L. Jospin : Je ne m'exprime pas trop souvent sur les problème d'éducation parce que je ne veux pas faire ancien combattant de l'éducation nationale mais force est de constater que M. Bayrou, par sa politique ou son absence de politique, comme M. de Boishue pour l'enseignement supérieur, illustre l'absence de gouvernement de la part du Gouvernement. Au fond, ce Gouvernement dans tout une série de domaines ne gouverne pas. Sa méthode est en cause. De temps en temps, au lieu d'agir dans ces sujets qui sont parfaitement délimités et dont il a parlé pendant sa campagne comme la protection sociale, l'éducation, il repousse les problèmes devant lui et dit qu'il ouvre des concertations. Et puis au moment où il ouvre la concertation, tout d'un coup, il prend une décision unilatérale sur un plan et dresse les partenaires contre lui. Exemple même : on ne va pas vous proposer des mesures pour rééquilibrer la Sécurité sociale mais on va ouvrir une discussion sur la Sécurité sociale. La discussion s'ouvre et tout d'un coup on décide de faire passer le forfait hospitalier de 55 francs à 70 francs. Ceci est non seulement totalement inique sur le plan social mais en plus en contradiction avec ce que l'on dit. Il y a donc un problème de l'art de gouverner. Je suis obligé de dire pour ce qui est de F. Bayrou et de l'éducation nationale que le ministère de l'éducation est devenu le ministère de la parole. On n'y agit plus. Les années Jospin, on sait ce que c'est.

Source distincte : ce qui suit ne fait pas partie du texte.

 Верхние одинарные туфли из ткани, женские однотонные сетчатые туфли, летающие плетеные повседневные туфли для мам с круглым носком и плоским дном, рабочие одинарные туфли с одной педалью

J.-F. Rabilloud : On vous appelait Jospinator dans les facs ?!

L. Jospin : Oui, oui, on m'appelait Jospinator mais, s'il n'y avait pas eu université 2000, le monde étudiant aurait explosé. La revalorisation des enseignants, la création des instituts de formation des maîtres, la résolution du problème du recrutement des enseignants, ce sont des choses qui sont liées aux années Jospin. On sait ce que l'on sait. Maintenant, il n'y a plus de politique, c'est-à-dire que M. Bayrou ouvre sans cesse des concertations, il n'agit pas, on ne sait pas ce qu'est la politique du Gouvernement. Quant à Rouen, puisque vous en parliez au départ, disons que Rouen est le type même d'une fac jeune, d'une université jeune – 20 ans – qui a connu depuis quatre-cinq ans une croissance notamment grâce à Université 2000, à mon action, et qui se trouve en panne de cette croissance. Voilà le problème à Rouen, mais il existe bien ailleurs.

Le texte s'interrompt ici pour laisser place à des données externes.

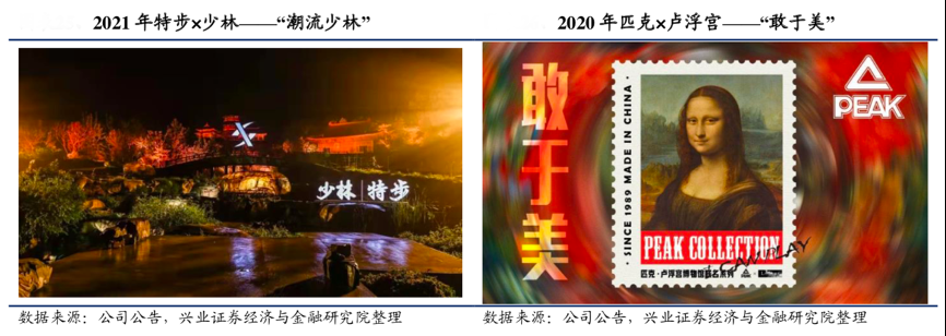 經(jīng)典案例:根據(jù)公司公告、興業(yè)證券經(jīng)濟與金融研究院等綜合資訊表明,特步深挖少林文化內(nèi)涵,是首個與少林聯(lián)名的品牌,在少林寺門前上演了 “開門見山”的國潮秀,此后開始陸續(xù)推出聯(lián)名系列;2021年 5 月 15 日,特步正式宣布將“特步少林”系列納入全新廠牌旗下,逐步完成與少林文化的深度合作。

C. Nay : Il y a un problème, c'est la polémique autour de l'allocation-logement des étudiants et vous savez très bien que l'on devrait amputer les étudiants favorisés de cette allocation, on n'ose pas s'attaquer à ce problème. Est-ce que vous seriez, alors que vous savez très bien qu'aussitôt les étudiants seraient dans la rue ?

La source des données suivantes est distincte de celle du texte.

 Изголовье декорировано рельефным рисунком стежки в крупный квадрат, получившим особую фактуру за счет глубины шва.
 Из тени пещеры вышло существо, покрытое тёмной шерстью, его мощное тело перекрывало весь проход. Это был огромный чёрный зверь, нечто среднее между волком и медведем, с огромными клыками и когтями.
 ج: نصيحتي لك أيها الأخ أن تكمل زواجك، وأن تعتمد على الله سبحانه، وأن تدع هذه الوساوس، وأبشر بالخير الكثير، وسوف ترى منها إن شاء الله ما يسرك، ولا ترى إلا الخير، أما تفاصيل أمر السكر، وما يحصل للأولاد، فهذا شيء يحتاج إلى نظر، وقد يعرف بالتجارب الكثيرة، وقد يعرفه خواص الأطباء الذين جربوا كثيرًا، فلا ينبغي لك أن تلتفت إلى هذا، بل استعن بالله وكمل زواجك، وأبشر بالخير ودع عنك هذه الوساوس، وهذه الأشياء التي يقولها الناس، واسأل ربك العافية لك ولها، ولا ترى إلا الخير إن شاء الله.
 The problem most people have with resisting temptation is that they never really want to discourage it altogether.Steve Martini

L. Jospin : Mais j'ai signé, avec toutes les organisations étudiantes, l'UNEF-ID, l'UNEF proche des communistes, les associations modérées, même l'UNI à l'époque avait signé – C'est vous dire, la droite étudiante – un plan social étudiant en dix points avec toutes les organisations syndicales. Donc, j'avais posé cette démarche. Le problème, là encore, est que l'on dit qu'on veut une concertation avec les étudiants pour un plan social étudiant, pour un statut social de l'étudiant et dans le même temps on laisse le rapporteur général du budget proposer un amendement supprimant ce qui est considéré par les étudiants comme un avantage. Donc on dit que l'on veut mettre les choses à plat et puis on décide. En l'occurrence, ils ont retiré leur amendement, c'est une preuve des contradictions au sein de la majorité, mais je préfère encore qu'ils l'aient retiré.